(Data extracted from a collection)
========
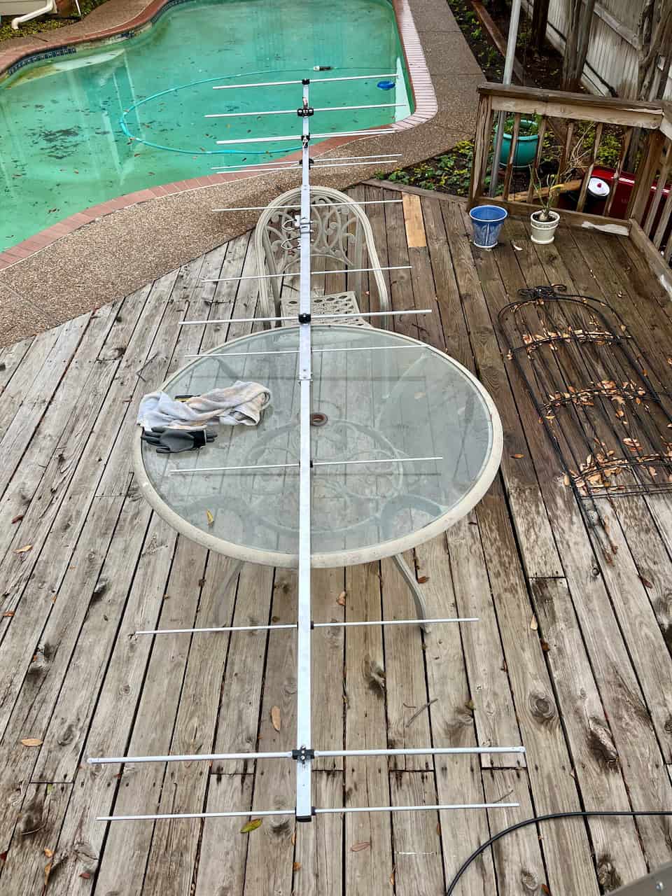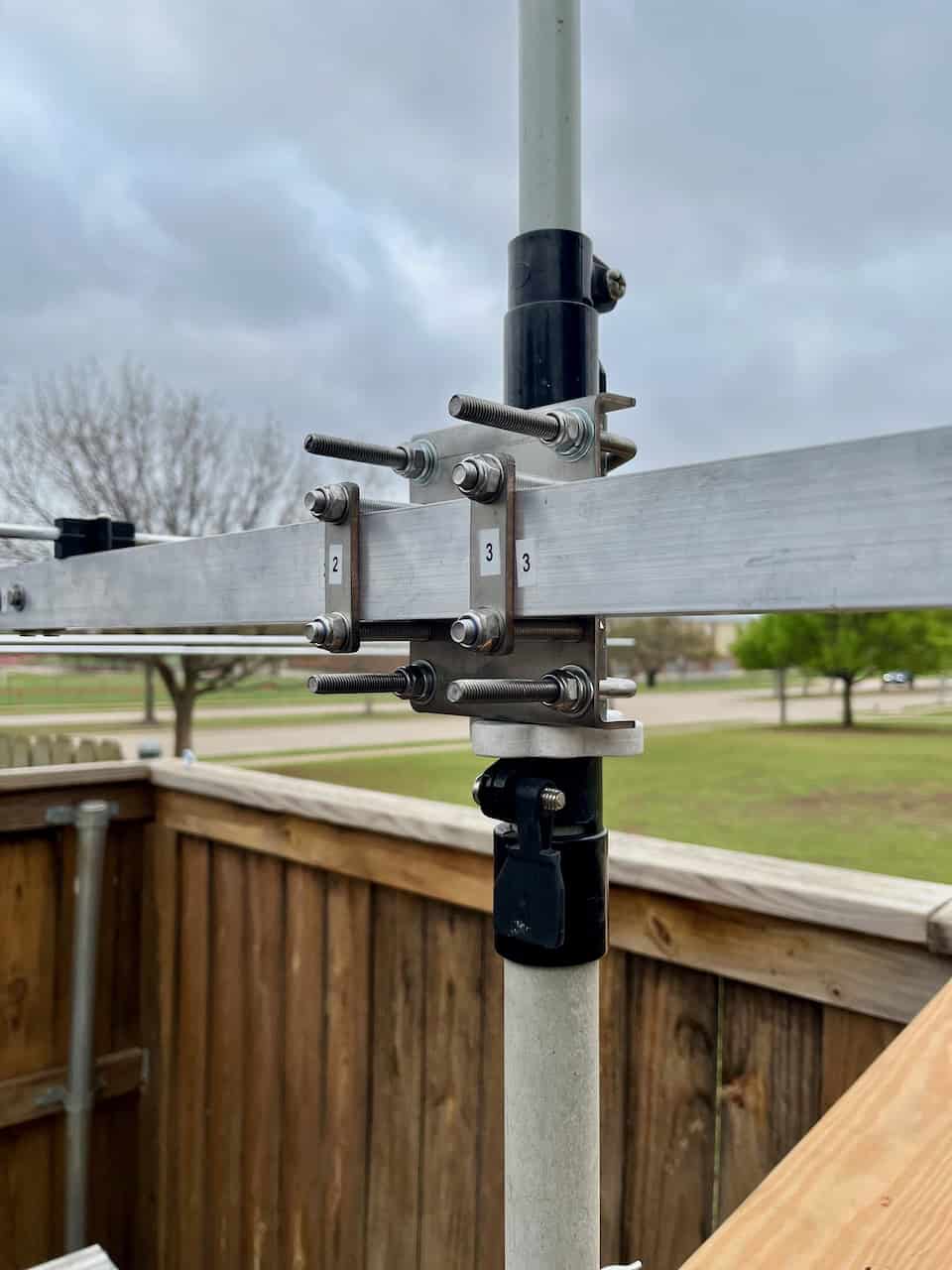 It went together nicely with solid mounts and a sturdy boom. I was somewhat surprised by the boom’s strength and weight. Even so, at 14 feet long and weighing 14.5 lbs, the antenna is about 5 pounds lighter than my previous two antennas. Additionally, it occupies only one position on the mast, which reduces wind loading.
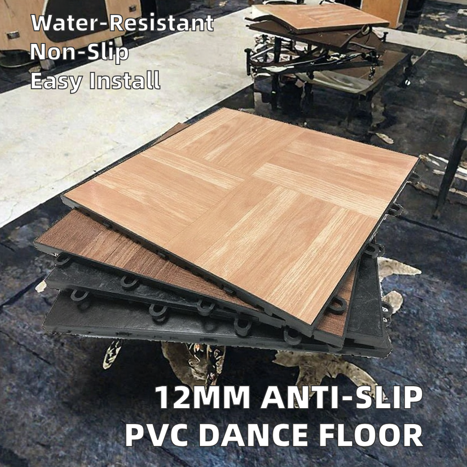 Hot Sale 12mm Thick Waterproof Anti-Slip PVC Vinyl Dance Floor Tiles Durable Modern Wedding Dance Click Interlocking Hotel
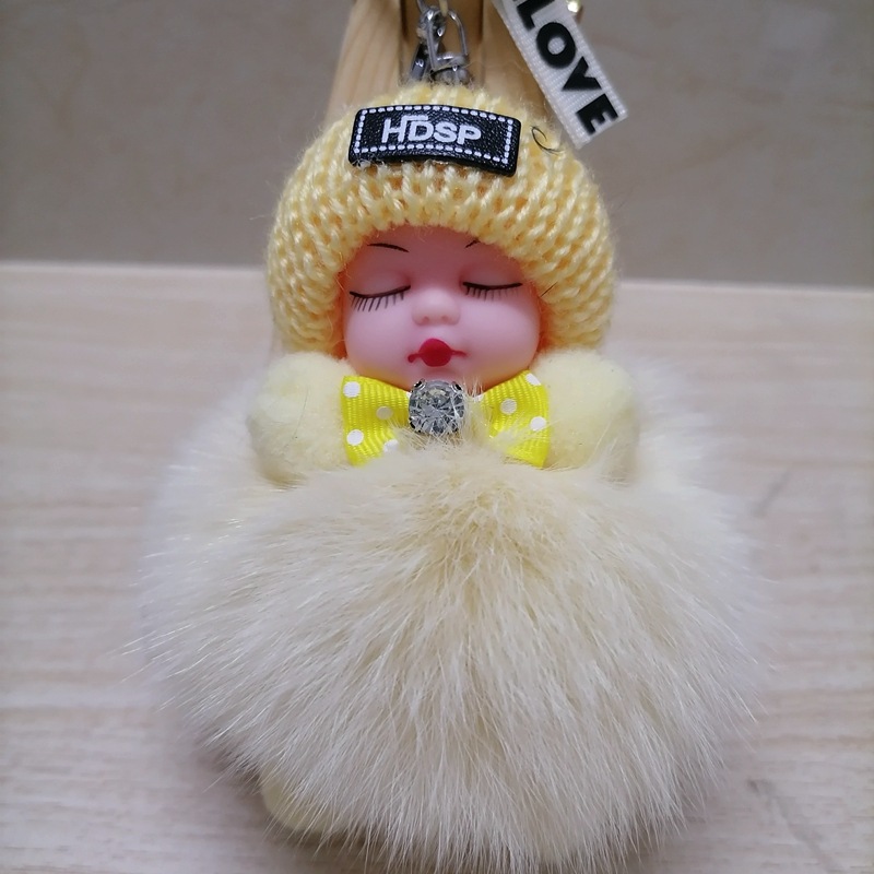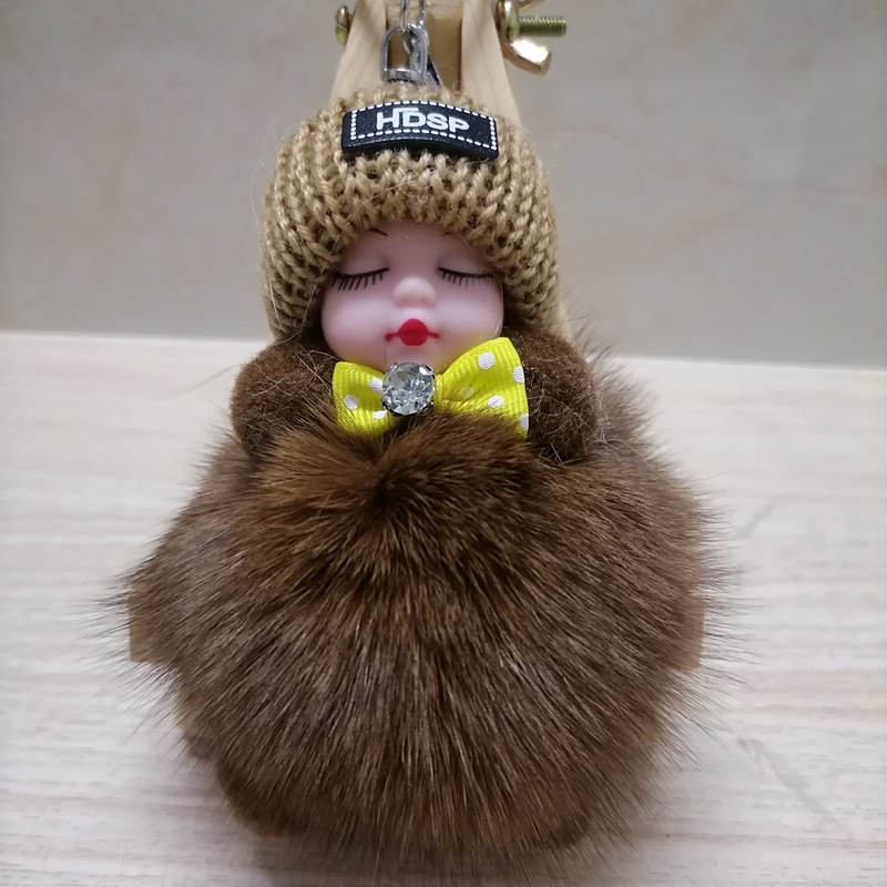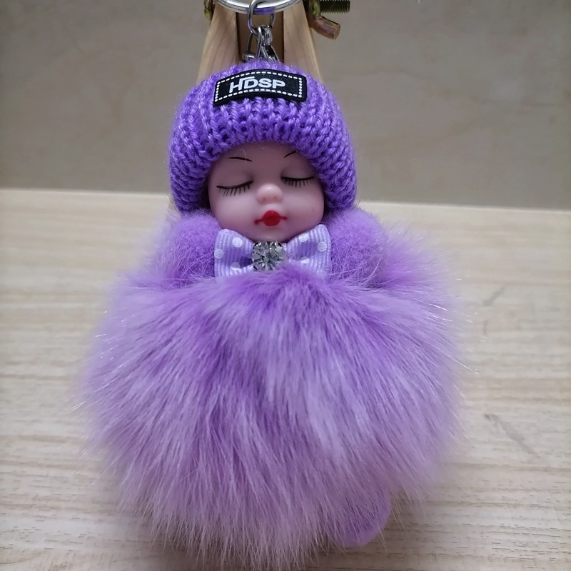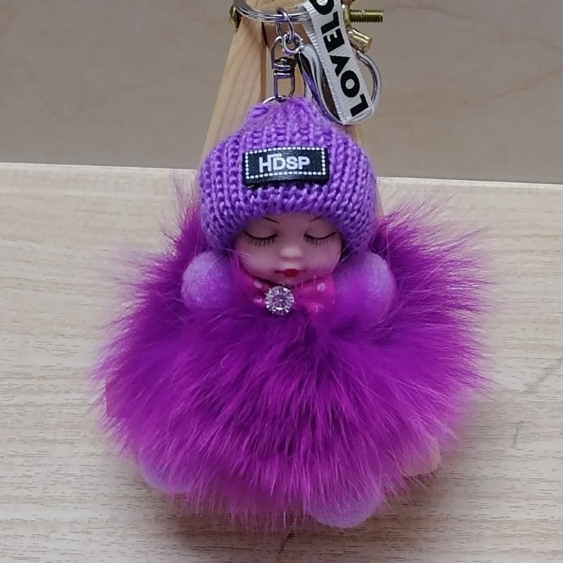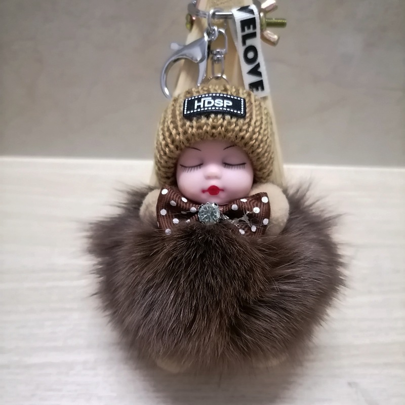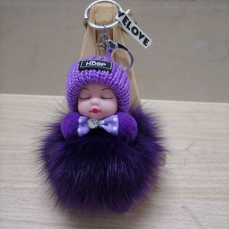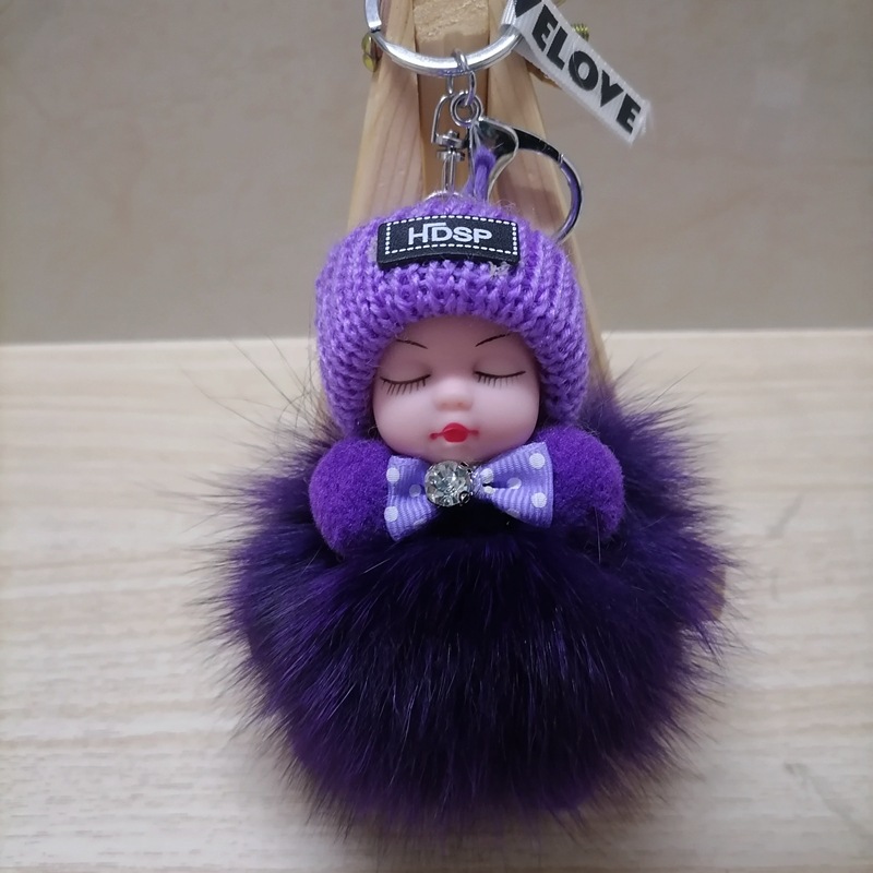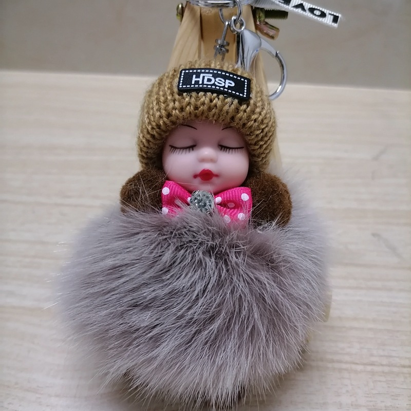毛绒绒可爱睡眠娃娃狐狸毛包包挂饰汽车配件钥匙扣可爱钥匙扣
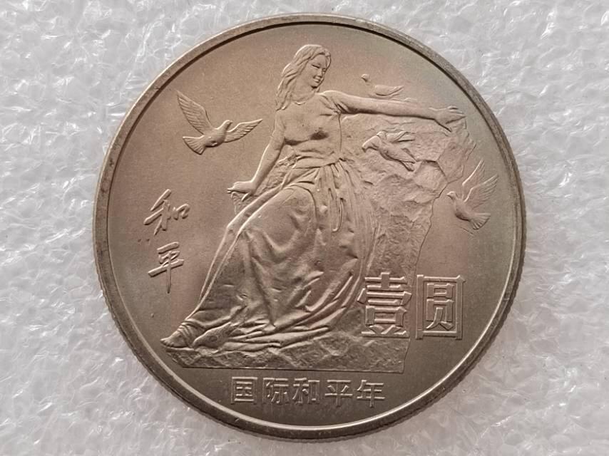 1986年国际和平年纪念币是央行为响应联合国将1986年定为“国际和平年”的倡议而发行的流通纪念币,于1986年9月20日正式发行。 该纪念币的规格和设计: 正面图案包括中华人民共和国国徽、国名和1986年年号;背面图案以雕塑“和平”为主题,展现少女召唤和平鸽的场景,并刻有“和平”字样及“国际和平年”主题文字,设计融合了刚柔对比的美学元素。
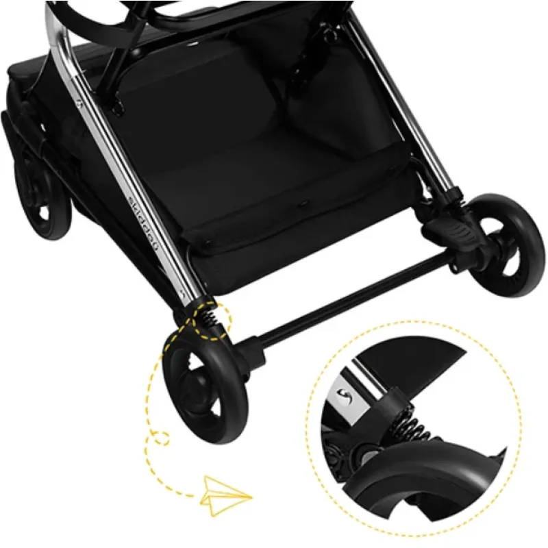 АмортизацияНаша коляска Mikkeli — это легкая коляска с хорошей амортизацией, которая обеспечивает комфорт при вождении. Отличается тем, что амортизация есть как на передних, так и на задних колесах.
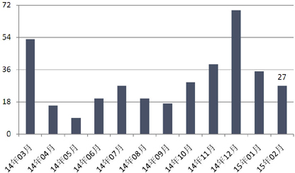 受春节假期影响,本月银行理财产品发行数量环比大幅下滑,短期产品收益水平出现上涨,中长期则有所下跌;信托产品发行数量再降,但依然高出同比七成有余。“安慰函”只是安慰函,预计今后的政信合作项目中,人大预算决议将会成为标配;阳光私募产品发行数量继续回落,首只投资期权阳光私募上市。7家机构共发行了39款券商理财产品,股票型产品时隔14个月再现;投连险账户净值继续普涨,保险资管公司引入风险责任人制度,风险监管将是今年重点。
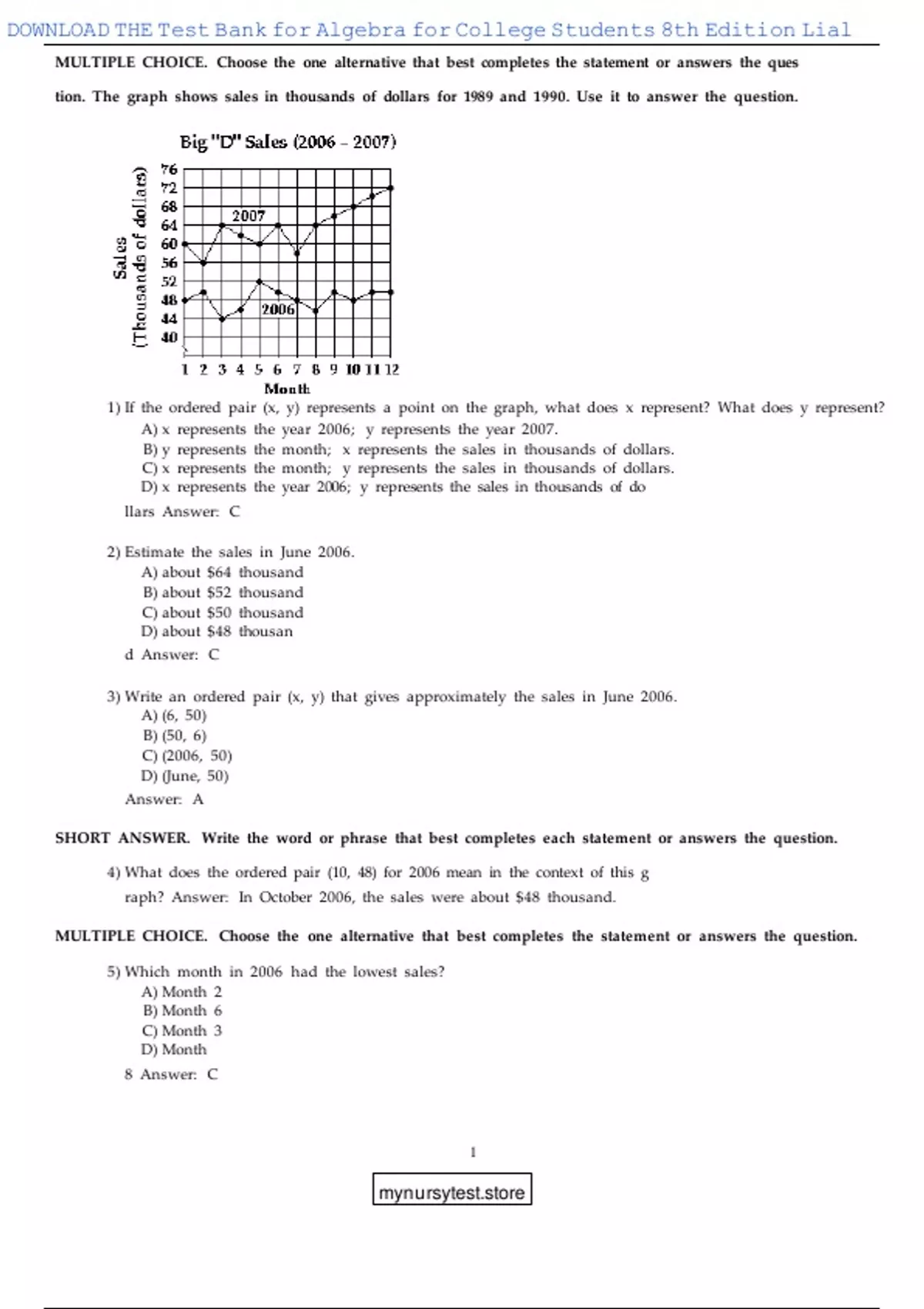 , DOWNLOAD THE Test Bank for Algebra for College Students 8th Edition Lial
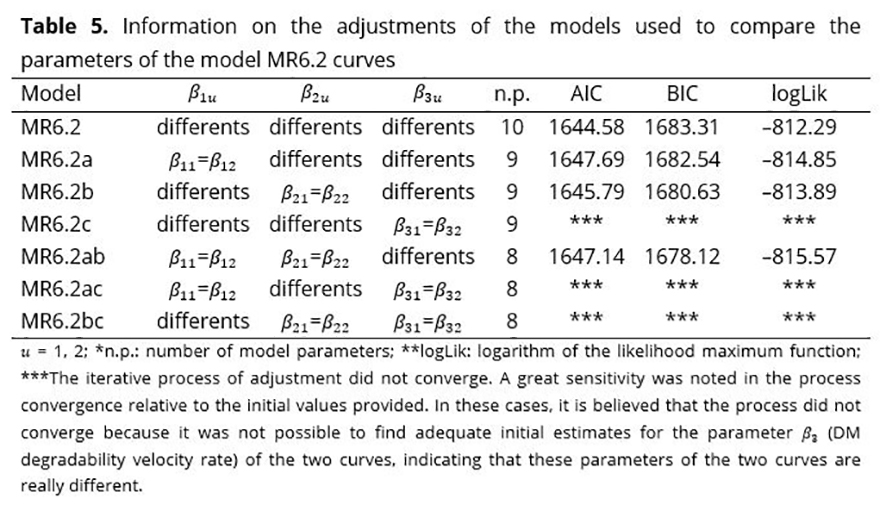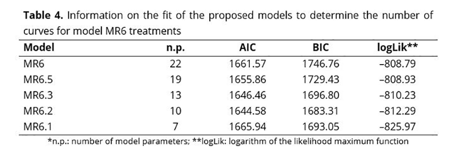 The parameters of model MR6.2 were also compared using the models presented in Table 5. Likelihood ratio tests were performed and allowed the conclusion that model MR6.2 with two curves and distinct parameters was the most indicated for the description of the response variable under study.
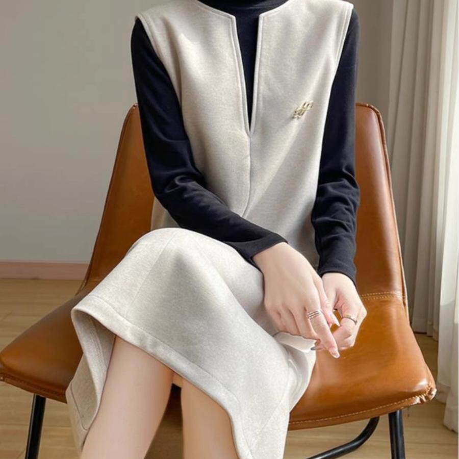 中长款斜纹呢无袖连衣裙女马甲背心裙过膝坎肩上衣2025新款毛衣裙
========
▸ **WHAT IS NEEDED**:
Each record above should come back exactly the same, only without its pictures.

▸ **FINISHED TASK**:
 It went together nicely with solid mounts and a sturdy boom. I was somewhat surprised by the boom’s strength and weight. Even so, at 14 feet long and weighing 14.5 lbs, the antenna is about 5 pounds lighter than my previous two antennas. Additionally, it occupies only one position on the mast, which reduces wind loading.
 Hot Sale 12mm Thick Waterproof Anti-Slip PVC Vinyl Dance Floor Tiles Durable Modern Wedding Dance Click Interlocking Hotel
毛绒绒可爱睡眠娃娃狐狸毛包包挂饰汽车配件钥匙扣可爱钥匙扣
 1986年国际和平年纪念币是央行为响应联合国将1986年定为“国际和平年”的倡议而发行的流通纪念币,于1986年9月20日正式发行。 该纪念币的规格和设计: 正面图案包括中华人民共和国国徽、国名和1986年年号;背面图案以雕塑“和平”为主题,展现少女召唤和平鸽的场景,并刻有“和平”字样及“国际和平年”主题文字,设计融合了刚柔对比的美学元素。
 АмортизацияНаша коляска Mikkeli — это легкая коляска с хорошей амортизацией, которая обеспечивает комфорт при вождении. Отличается тем, что амортизация есть как на передних, так и на задних колесах.
 受春节假期影响,本月银行理财产品发行数量环比大幅下滑,短期产品收益水平出现上涨,中长期则有所下跌;信托产品发行数量再降,但依然高出同比七成有余。“安慰函”只是安慰函,预计今后的政信合作项目中,人大预算决议将会成为标配;阳光私募产品发行数量继续回落,首只投资期权阳光私募上市。7家机构共发行了39款券商理财产品,股票型产品时隔14个月再现;投连险账户净值继续普涨,保险资管公司引入风险责任人制度,风险监管将是今年重点。
 , DOWNLOAD THE Test Bank for Algebra for College Students 8th Edition Lial
 The parameters of model MR6.2 were also compared using the models presented in Table 5. Likelihood ratio tests were performed and allowed the conclusion that model MR6.2 with two curves and distinct parameters was the most indicated for the description of the response variable under study.
 中长款斜纹呢无袖连衣裙女马甲背心裙过膝坎肩上衣2025新款毛衣裙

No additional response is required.